Google — Interview Playbook (Senior SWE / L5+ orientation)
This is framework and public-signal guidance, not insider knowledge. Real loops vary by role, product area, and level.
Typical loop structure (conceptual)
- Phone or recruiter screen: resume, basic fit, sometimes a short technical screen.
- Onsite (or virtual equivalent): multiple rounds, often mixing coding, system design (for appropriate levels), and behavioral / leadership signals. ML or specialized roles add domain rounds.
- Hiring committee style decision: packet quality across rounds matters; weak coding rarely offsets weak design at senior levels, and vice versa.
Confirm your exact schedule with your recruiter.
What interviewers tend to optimize for
Coding
- Correctness and proof: clear invariant reasoning, handling edge cases, testing mentally or with small examples.
- Complexity clarity: state time and space; compare alternatives when the problem has multiple approaches.
- Communication: think aloud; incorporate hints without defensiveness.
- Depth: follow-ups that extend the problem (variants, streaming, large inputs) are common; partial credit comes from structured thinking.
System design (where applicable)
- Clarity of requirements and explicit tradeoffs (latency, consistency, cost, operability).
- Familiar building blocks used for a reason, not a laundry list.
- Failure modes and evolution: backpressure, partial failures, rollouts, and how the design matures from a focused v1.
Behavioral / Googleyness (label varies)
- Collaboration, intellectual honesty, handling ambiguity, and impact at scale—map your real stories to those signals (see Behavioral STAR guide).
System design bar (short)
You are expected to drive the discussion: requirements, API shape, data model, read/write paths, scaling levers, and how you would validate the design.
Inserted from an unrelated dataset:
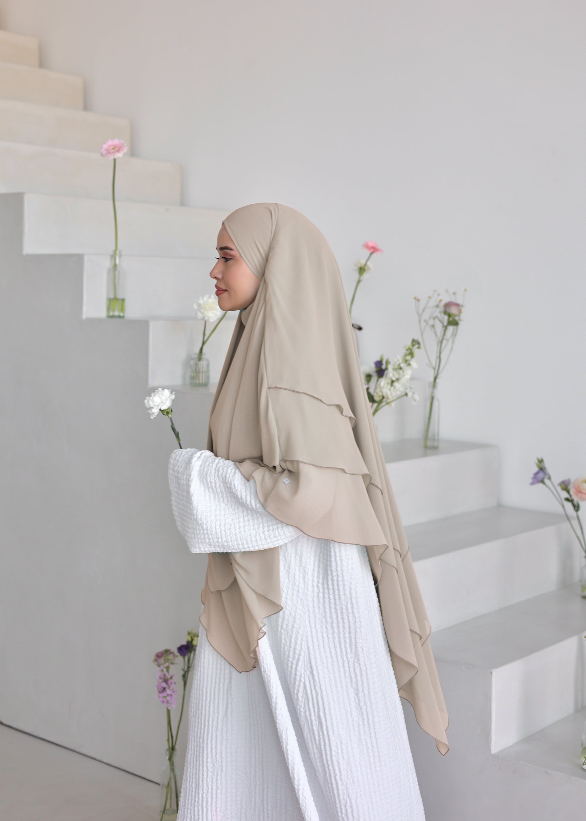 Unser dreilagiger Chiffon Khimar verkörpert schlichte Eleganz mit maximaler Leichtigkeit. Hergestellt aus hochwertigem Chiffon und vernäht mit größter Präzision, bietet er eine luxuriöse Fülle und einen schönen Fall - und ist dabei ultralcht auf deinem Kopf! Die großzügige Länge und der weiche Griff sorgen für maximalen Tragekomfort bei optimaler Bedeckung. Mit seinem romantischen Design ist dieser Khimar perfekt für jeden Anlass und verleiht deinem Gesicht die schönste Umrandung! Probier‘s unbedingt aus - wir LIEBEN es!
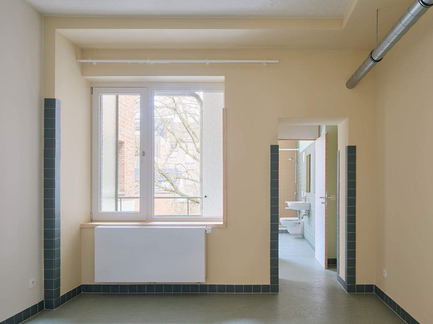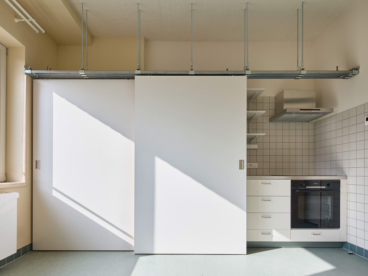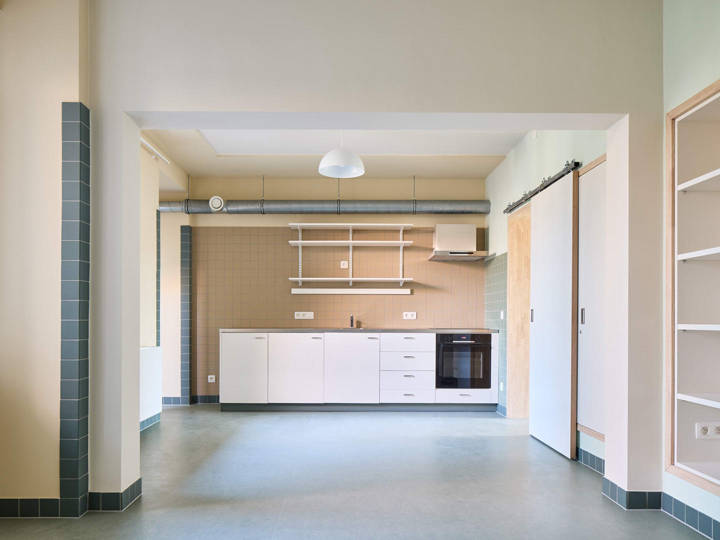 Un paramètre important du programme était la création d'une structure d'habitation flexible. Le public cible des logements d'urgence est en effet très diversifié : des personnes seules aux grandes familles. C'est pourquoi le projet ne part pas d'un habitant standard, mais d'une structure configurable dans laquelle les unités d'habitation peuvent être temporairement assemblées. À l'intérieur, les interventions ont été rendues lisibles grâce à un code couleur systématique. Les couleurs appliquées - blanc, ivoire et vert - font référence à la nature de l'intervention architecturale (éléments de construction existants, parties isolées ou nouvelles cloisons) et donnent une lecture claire des transformations spatiales. Pour les occupants qui ne peuvent pas décorer leur logement temporaire eux-mêmes, ces couleurs constituent en outre la seule forme de 'décoration intérieure'.

Senior candidates should show judgment when the problem is under-specified.
Use the repo’s structured walkthrough as a personal checklist: System design interview framework (RESHADED)
“Don’t” list (common pitfalls)
- Vague scaling without any order-of-magnitude or concrete reasoning (QPS, payload size, fan-out). You do not need perfect numbers; you need defensible ballparks and what would change the answer.
- Name-dropping technologies with no connection to the problem’s constraints.
- Monologue: not pausing for questions or constraints; not treating the session as a collaboration.
- Hiding uncertainty: better to label assumptions explicitly than to fake precision.
Preparation alignment with this repo
- Coding: follow the roadmap topics; emphasize graph, DP, and string / interval patterns that support follow-up depth.
- Design: practice one end-to-end design per session with time limits; end each session with “what I’d verify next” (load test, dark launch, SLO).
- Behavioral: prepare stories with measurable or clearly described impact; avoid exaggeration.
Day-before mindset
- Sleep and a light review beat cramming new patterns.
- For each round type, have one opening sentence for how you structure the session (e.g., “I’ll clarify constraints, then outline approaches, then pick one and implement with tests in mind”).
Coding follow-ups you should rehearse
Interviewers often stretch the same core problem. Practice recognizing these pivots without panic:
- Input scale: streaming input, disk-backed iteration, or “too large for memory” with external sort / merge style thinking when appropriate.
- Mutability: immutable structures, functional alternatives, or copy cost when the problem changes.
- Correctness under concurrency: when the prompt introduces threads or parallel readers—state consistency model assumptions explicitly or ask what is guaranteed.
- Optimization: can you beat naive time with a better structure (heap, tree map, prefix structure)? Name preprocessing budget vs query budget.
If stuck, reduce scope: solve the smaller version correctly, then say what you would add next.
System design: collaboration signals
Google design interviews reward interactive problem shaping:
- Offer two candidate architectures when tradeoffs diverge (e.g., push vs pull for notifications), compare briefly, then commit for depth.
- Ask one clarifying question at a time; incorporate answers before drawing more boxes.
- End with validation: load testing plan, shadow traffic, or staged rollout—pick what fits the domain.
Structured checklist: System design interview framework (RESHADED)
Hiring packet mindset (conceptual)
Feedback is often synthesized across rounds. Weakness in one area can be mitigated by strength elsewhere, but two weak coding rounds or shallow design is hard to recover in many loops. Behave as if every round is independently scored: bring fresh energy and structure each time.
Level calibration (rough)
- Mid-level: solid implementation, clean complexity, good edge-case hygiene.
- Senior: tradeoff narration, extension handling, design ownership with explicit assumptions.
- Staff+: multi-team constraints, long-horizon evolution, organizational alignment—when the loop includes those signals.
Match prep depth to the job level on your requisition; ask your recruiter if unsure.
Note on materials
Internal guides and leaked questions change and may violate terms of service. Prefer public curricula, this repo’s roadmap, and past problems you can discuss ethically.